The Cardinal
gazed after his retreating figure like a man in a dream, then he
said gently,
"Angela, go after him!--Call him back!--"
But it was too late. Vergniaud had left the house before Angela
could overtake him. She came back hurriedly to say so, with a pale
face and troubled look. Her uncle patted her kindly on the shoulder.
"Well, well!--It will not hurt him to have seen me angry," he said
smiling, "Anger in a just cause is permitted. I seem to have
frightened you, Angela? Of a truth I have rather frightened myself!
There, we will not talk any more of the evils of Paris. Mr. Leigh
perhaps thinks me an intolerant Christian?"
"On the contrary I think you are one of the few 'faithful' that I
have ever met," said Leigh, "Of course I am out of it in a way,
because I do not belong to the Roman Church. I am supposed--I say
'supposed' advisedly--to be a Church of England man, or to put it
more comprehensively, a Protestant, and I certainly am so much of
the latter that I protest against all our systems altogether!"

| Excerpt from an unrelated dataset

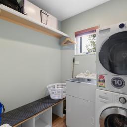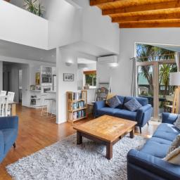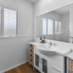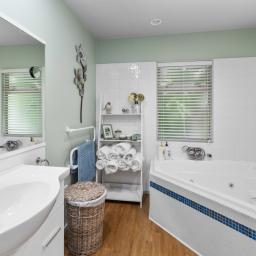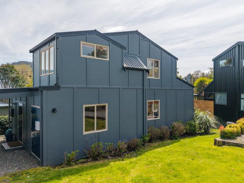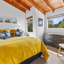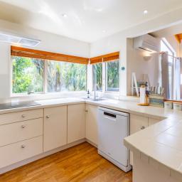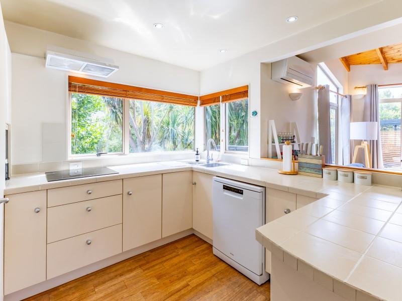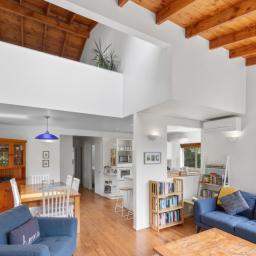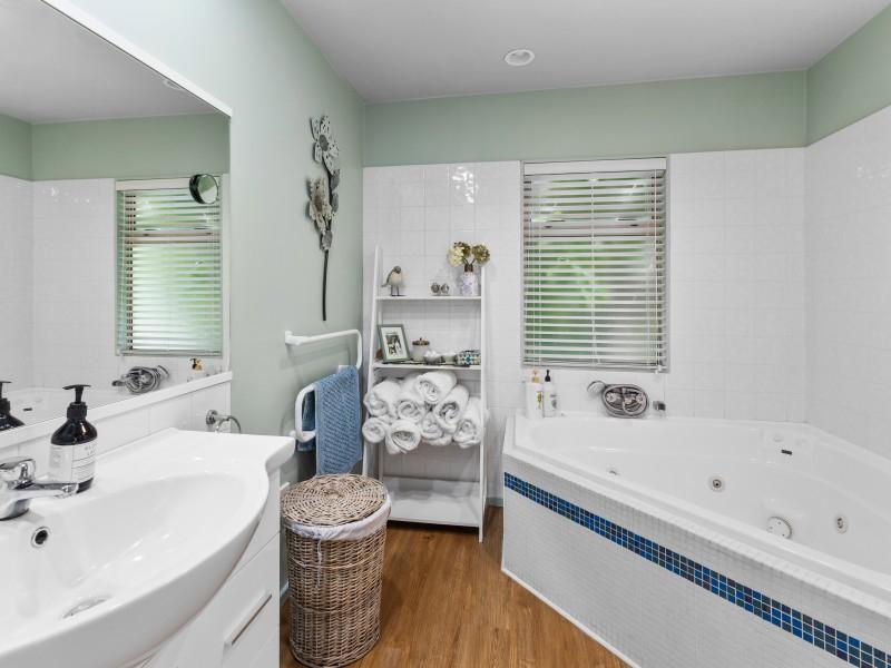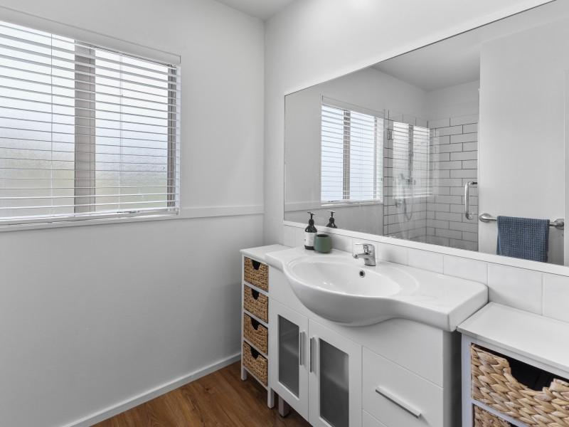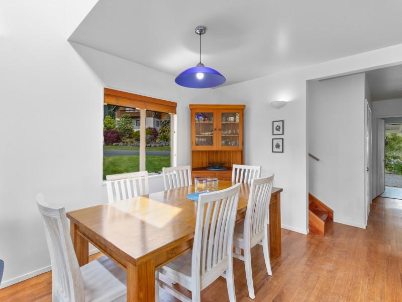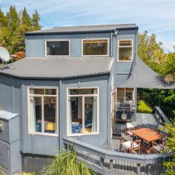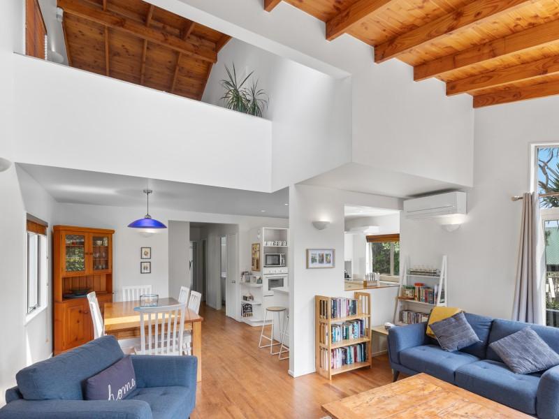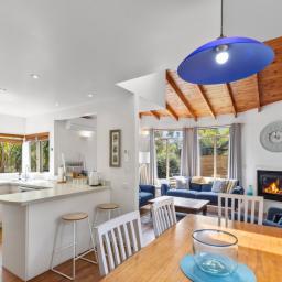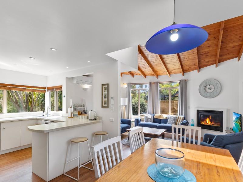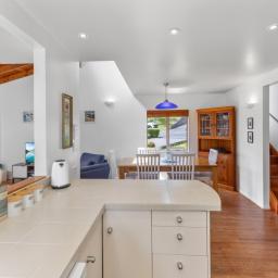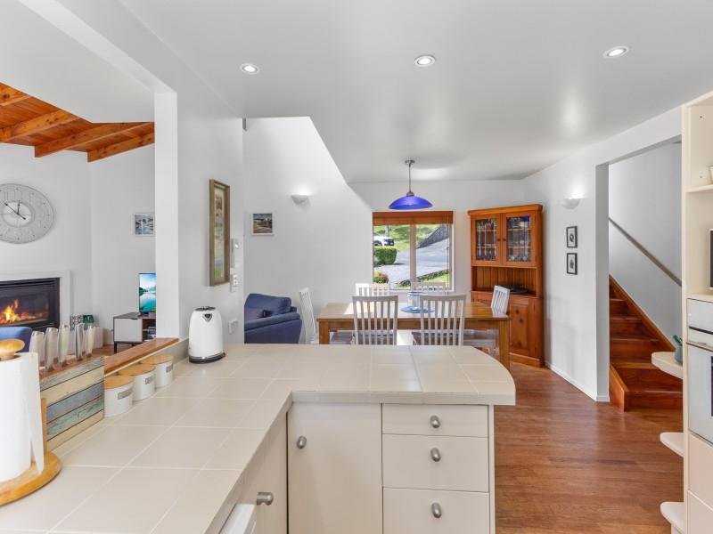 Downstairs houses a separate laundry, separate toilet, spacious bathroom featuring a large corner spa bath and the first of three tastefully decorated double bedrooms with built-in robes, always a bonus. The open plan living area is the best place to relax and enjoy, heated by both a heat pump and a gas fire, with a dedicated dining area and kitchen with all the mod cons. The lounge spills out on to a fabulous deck giving great indoor-outdoor flow and great for getting even closer to nature and alfresco entertaining.
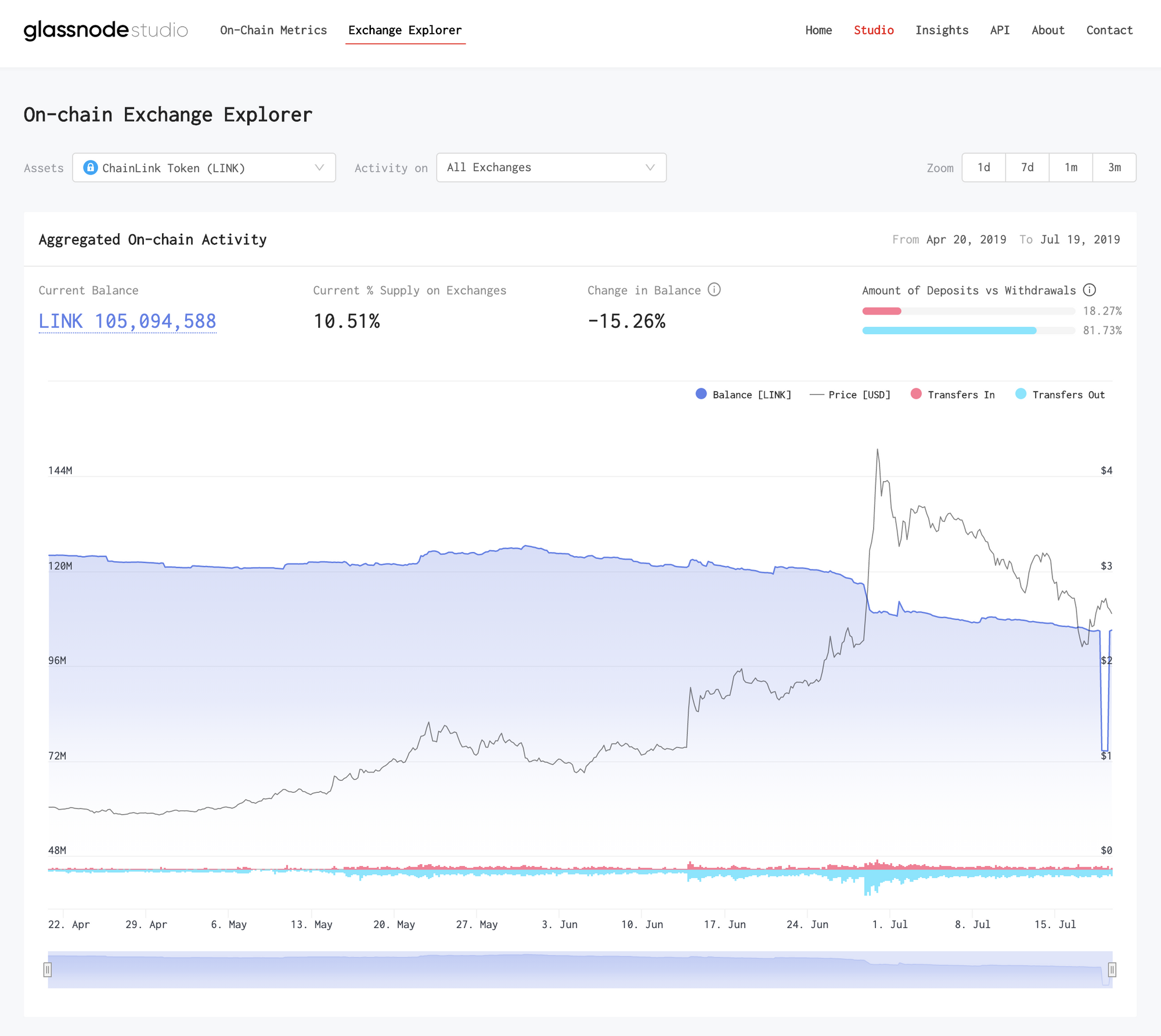 Exchange balances are based on Glassnode’s internal address flags database. We’ve built an interactive tool that monitors on-chain activity of ETH and ERC20 on exchanges over time. Visit the Glassnode Studio to explore LINK’s exchange activity.

"Is that quite just?" asked Bonpre gently.
"Perhaps not!--but what is one to do? I am not alone in my ideas!
One of our English bishops has been latterly deploring the fact that
out of a thousand lads in a certain parish nine-hundred-and-ninety-
nine of them never go to church! Well, what can you expect? I do not
blame those nine-hundred and-ninety-nine at all.